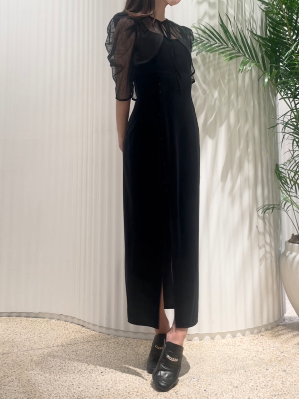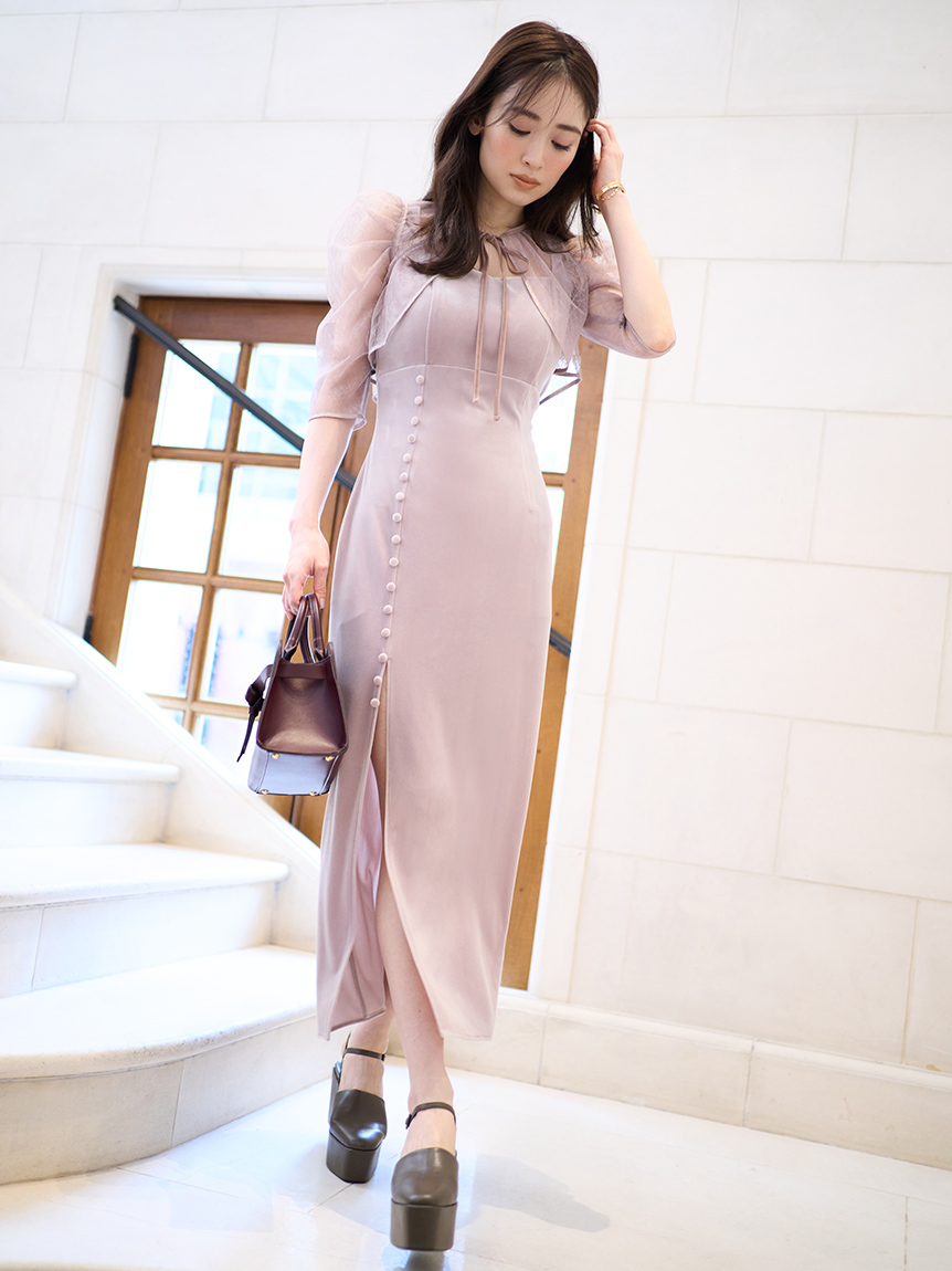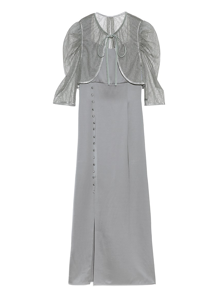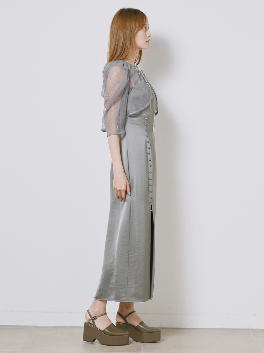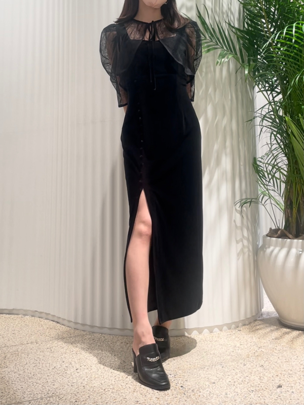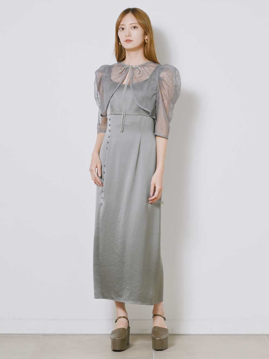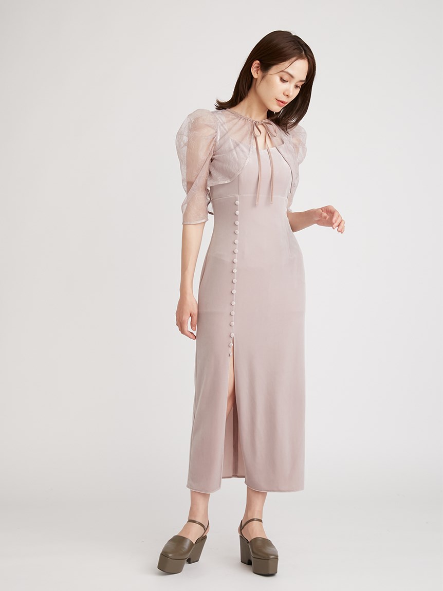 繊細なレースのショートボレロがセットになったノースリーブワンピース。ワンピースは巧みな切り替えが光るタイトシルエットで女性らしさ溢れる仕上がりに。サイドには深めにスリットをあしらい、色香漂うセンシュアルな肌見せを演出しています。
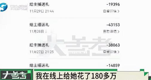 女主播直播时经常和他互动,说些贴心话,他听得心里暖和,打赏起来更是毫不手软。一年时间里,他在直播间的打赏累计达到180万元,其中有一次直播PK,他为了帮女主播撑场面,直接一次性刷了30万的虚拟礼物,成为直播间里的焦点。
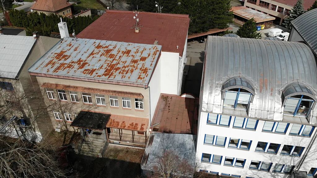 2) Stará budova o rozloze 8,5 m x 16 m má hlavní vchod z areálu Chotěbořských strojíren. Svažitá střecha je plechová pozinkovaná. Budova má taktéž dvě nadzemní podlaží a je podsklepená. Obě budovy jsou v prvním patře průchozí společnou chodbou. Přízemí má vlastní WC a umyvadlo s teplou vodou. V prvním patře je možno využívat toalety v nové budově.
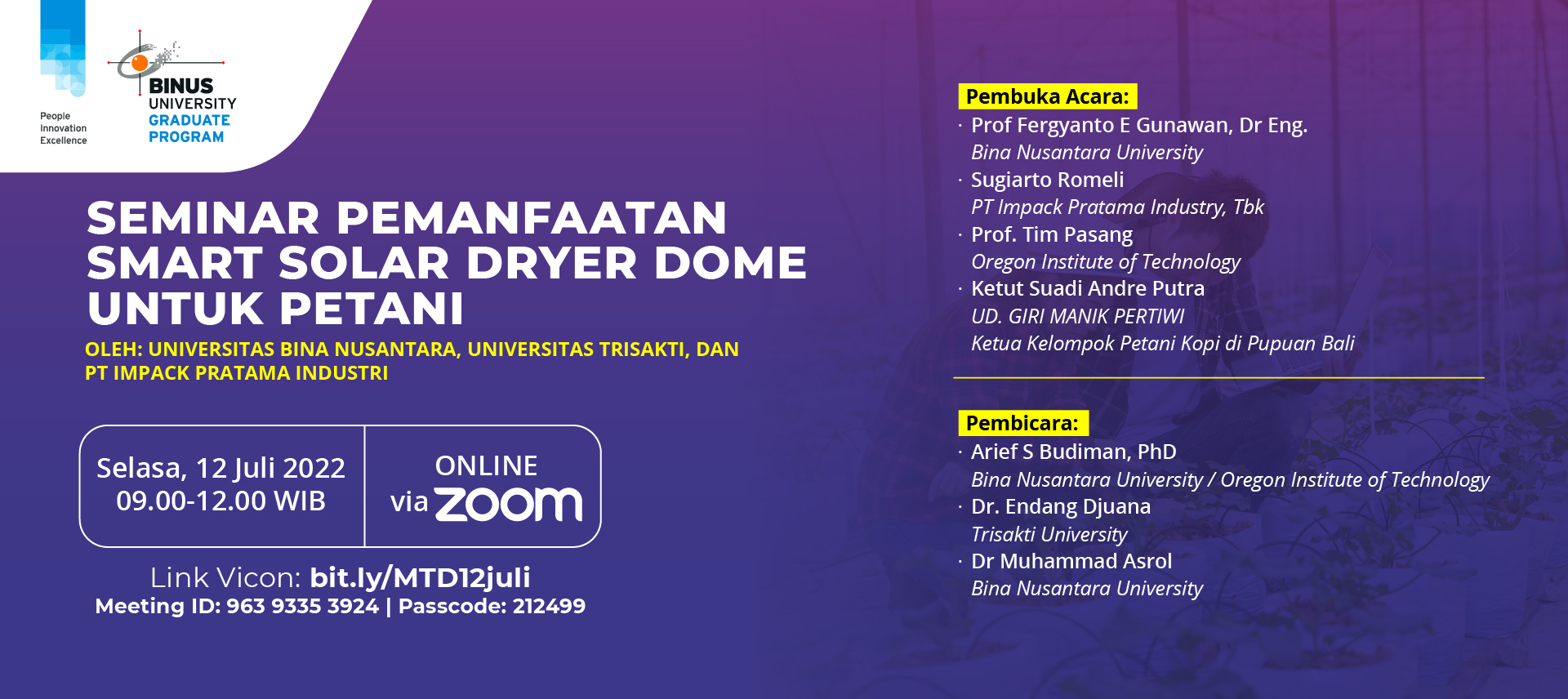 Kegaitan pengabdian kepada masyarakat ini juga merupakan lanjutan dari kegiatan penelitian untuk memberikan manfaat yang lebih luas bagi petani. Kegiatan ini juga didukung oleh Oregon Institute of Technology (OIT), USA melalui skema penelitian Internasional Binus. Turut hadir pada kegiatna ini Prof Tim Pasang dari OIT.
--
## Work order:
From the material above, reproduce only what runs from the line holding "女主播直播时经常和他互动,说" down to the line holding "2) Stará budova", both included, pictures excluded.

## Output for this exercise:
 女主播直播时经常和他互动,说些贴心话,他听得心里暖和,打赏起来更是毫不手软。一年时间里,他在直播间的打赏累计达到180万元,其中有一次直播PK,他为了帮女主播撑场面,直接一次性刷了30万的虚拟礼物,成为直播间里的焦点。
 2) Stará budova o rozloze 8,5 m x 16 m má hlavní vchod z areálu Chotěbořských strojíren. Svažitá střecha je plechová pozinkovaná. Budova má taktéž dvě nadzemní podlaží a je podsklepená. Obě budovy jsou v prvním patře průchozí společnou chodbou. Přízemí má vlastní WC a umyvadlo s teplou vodou. V prvním patře je možno využívat toalety v nové budově.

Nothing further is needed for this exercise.